The shell files of training and evaluation for every task are provided in `task/` , and could directly run.

Also, you can utilize the running codes `main.py` , and write your shell files according to your need:

- `main.py`: support `{ss3, ss8, contact, remote_homology, fluorescence, stability}` tasks;

#### Training models

Running shell files: `bash task/run_{task}.sh`, and the contents of shell files are as follow:

```shell
nohup sh run_main.sh \
      --model ./model/ss3/ProtBertModel \
      --output_file ss3-ProtBert \
      --task_name ss3 \
      --do_train True \
      --epoch 5 \
      --optimizer AdamW \
      --per_device_batch_size 2 \
      --gradient_accumulation_steps 8 \
      --eval_step 100 \
      --eval_batchsize 4 \
      --warmup_ratio 0.08 \
      --frozen_bert False >./task/result/ss3-ProtBert.out 2>&1
```

You can set more detailed parameters in run_main.sh.

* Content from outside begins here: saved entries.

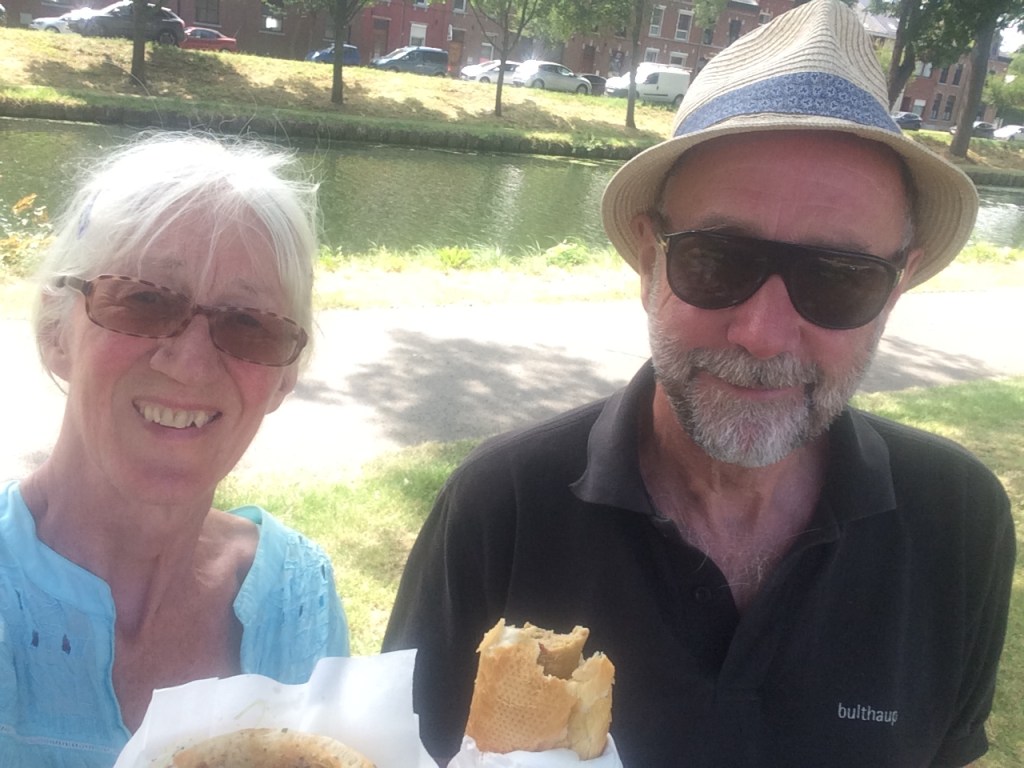 The next day, Saturday, we walked to Strépy on the other side of the canal – and discovered that it was the weekend of the local fête, all along the side of the historic canal. You want waffles? You want frites? You want good Belgian beer, or kebabs, or dried sausages, or pastries? It was all here, plus music, entertainment, and jolly people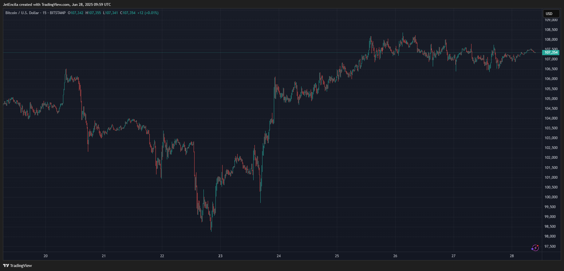 BTC в настоящее время торгуется на уровне 107 354 долл. США. Диаграмма: Tradingview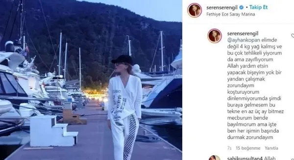 Son yaptığı paylaşımlarda adeta bir deri bir kemik kaldığı görülen Seren Serengil kendisine gelen yorumlara "Elimde değil 4 kg yağ kalmış ve bu çok tehlikeli yiyorum da ama zayıflıyorum" yanıtını verdi.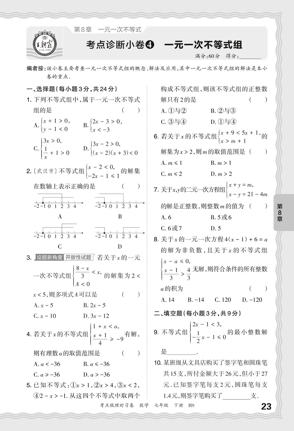 2024春下册七年级数学华师版 第8章 考点诊断小卷 一元一次不等式组【4】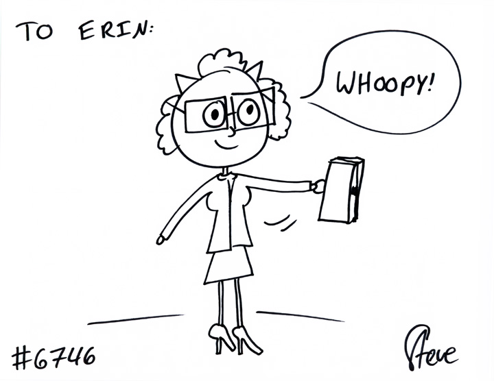 Cat #6746 Posted on July 5, 2012 Christine GIFTED a cat to Erin! She wanted an executive cat wearing high heels, big glasses, and carrying a briefcase.

The details of main.sh are as follows:

```shell
LR=3e-5
SEED=3
DATA_DIR=data/datasets
OUTPUT_DIR=data/output_data/$TASK_NAME-$SEED-$OI

python main.py \
  --task_name $TASK_NAME \
  --data_dir $DATA_DIR \
  --do_train $DO_TRAIN \
  --do_predict True \
  --model_name_or_path $MODEL \
  --per_device_train_batch_size $BS \
  --per_device_eval_batch_size $EB \
  --gradient_accumulation_steps $GS \
  --learning_rate $LR \
  --num_train_epochs $EPOCHS \
  --warmup_ratio $WR \
  --logging_steps $ES \
  --eval_steps $ES \
  --output_dir $OUTPUT_DIR \
  --seed $SEED \
  --optimizer $OPTIMIZER \
  --frozen_bert $FROZEN_BERT \
  --mean_output $MEAN_OUTPUT \

```

**Notice: the best checkpoint is saved in** `OUTPUT_DIR/`.